Your right it did play up for a while. Bloody microswitches are not meant to get wet. lol:lol:



IGADIZ said:


> :doublesho *A six hours fight is not what I would call a wee fire.. *
> Amazing pictures, it really shows what you guys go through...Keep up the good work!:thumb:


Yeh, and we were there as relief. The fire started around one in the morning and these were taken around three in the afternoon. The building was extremely unsafe so no attempt was made by us to enter.
In the fourth picture you can see where the RSJs have pushed out the bricks in the wall with their expansion. In the same pic at the right you can see a vertical crack has appeared. This all makes the whole structure unpredictable as cooling and contraction takes place.


----------



## spitfire (Feb 10, 2007)

caledonia said:


> Hope you remembered the coffee flask.
> 
> Look like an other building bites the dust Dougie. :wall:
> 
> ...


No tea for six hours. Gasping I was

Yeh it's coming down. A bigger car park for the underground methinks. Not sure if any of its listed though.


----------



## ianFRST (Sep 19, 2006)

cool pics 

arson i take it?


----------



## spitfire (Feb 10, 2007)

ianFRST said:


> cool pics
> 
> arson i take it?


Investigations are ongoing Ian, but that seems the most likely outcome.


----------



## BM-Stu (Dec 23, 2006)

Nice Pictures mate.

Ian, There's no such thing as Arson in Scotland. It's called 'Wilful fire-raising' here.

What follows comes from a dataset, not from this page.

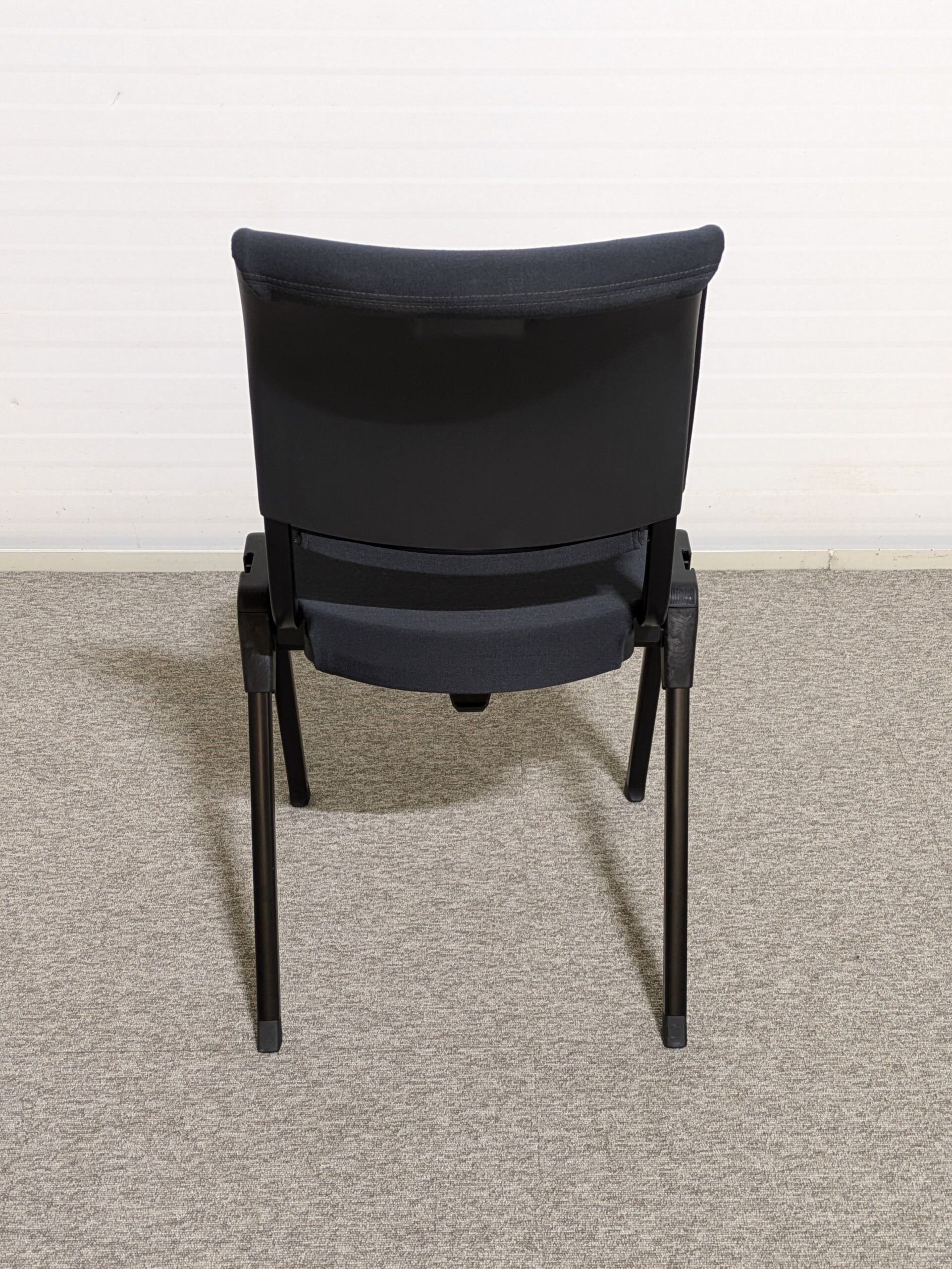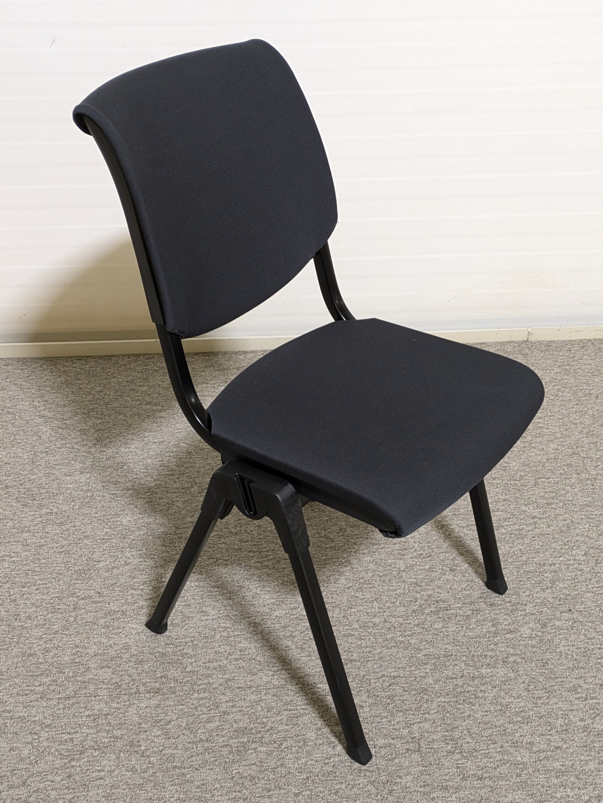 Seat and backrest in fabric (grey). Legs in metal (black).
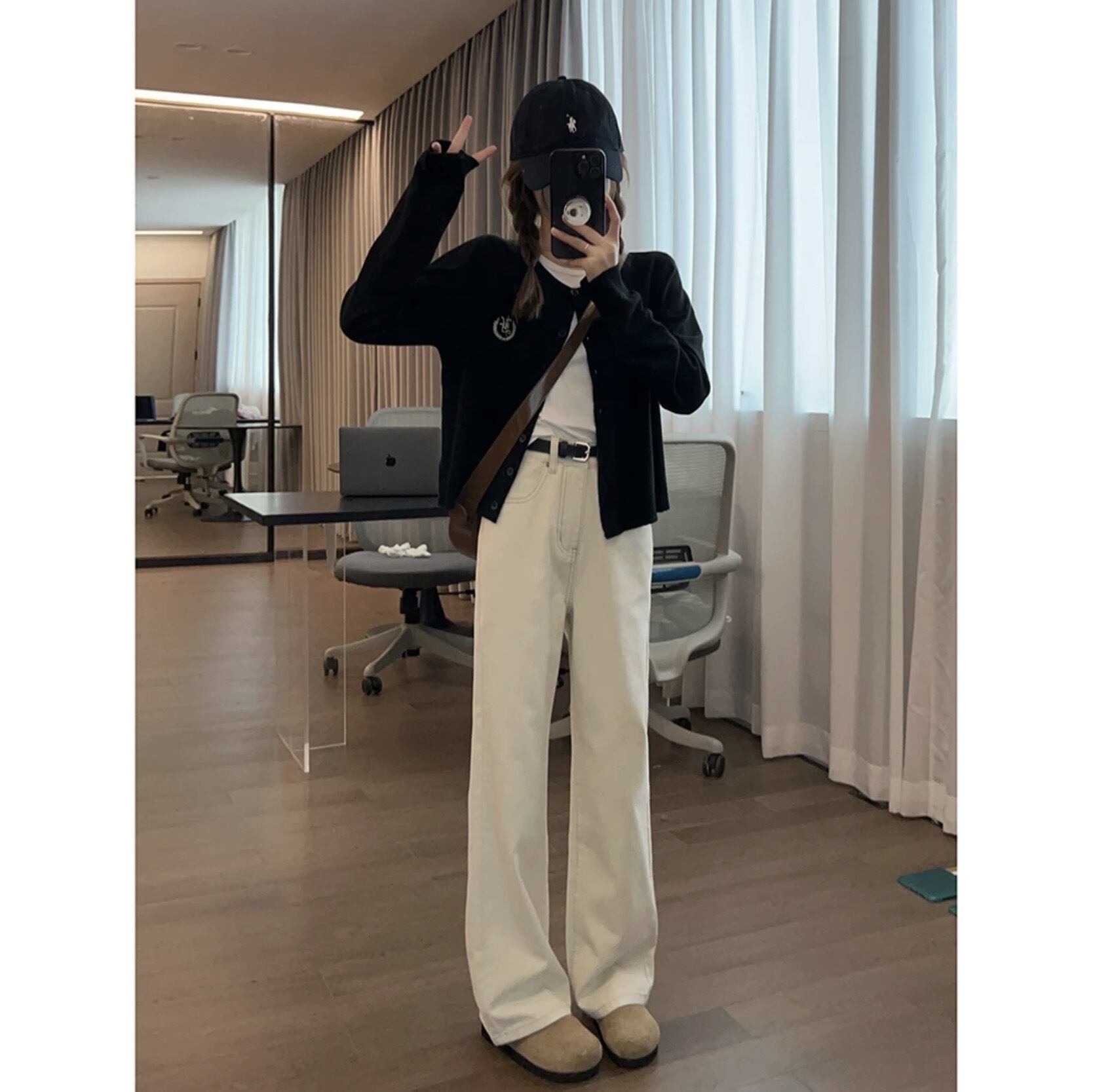 スリープルーフ生地、オフホワイトのストレートジーンズ、多用途、スリミング、刺繍、ストレートレッグパンツ、ラグジュアリー882

Same thing I suppose though......


----------



## Naddy37 (Oct 27, 2005)

You could of cleaned the fire engine. Looks a bit grubby in pic 2....

No excuses, you were there for six hours....

Full respect though, can't be an easy job.


----------



## spitfire (Feb 10, 2007)

neilos said:


> You could of cleaned the fire engine. Looks a bit grubby in pic 2....
> 
> No excuses, you were there for six hours....
> 
> Full respect though, can't be an easy job.


Believe it or not we have no equipement for cleaning above the height of the roof. Health and safety prevents us from climbing up there. In days gone by we would have spent a good part of the day cleaning equipment and washing the appliances. Now though, in there wisdom, we're more likely to be sitting at a computer filling in training records that no one looks at. 

Appliances get a quick wash and nothing more. Sad really  The job was much better 10plus years ago.


----------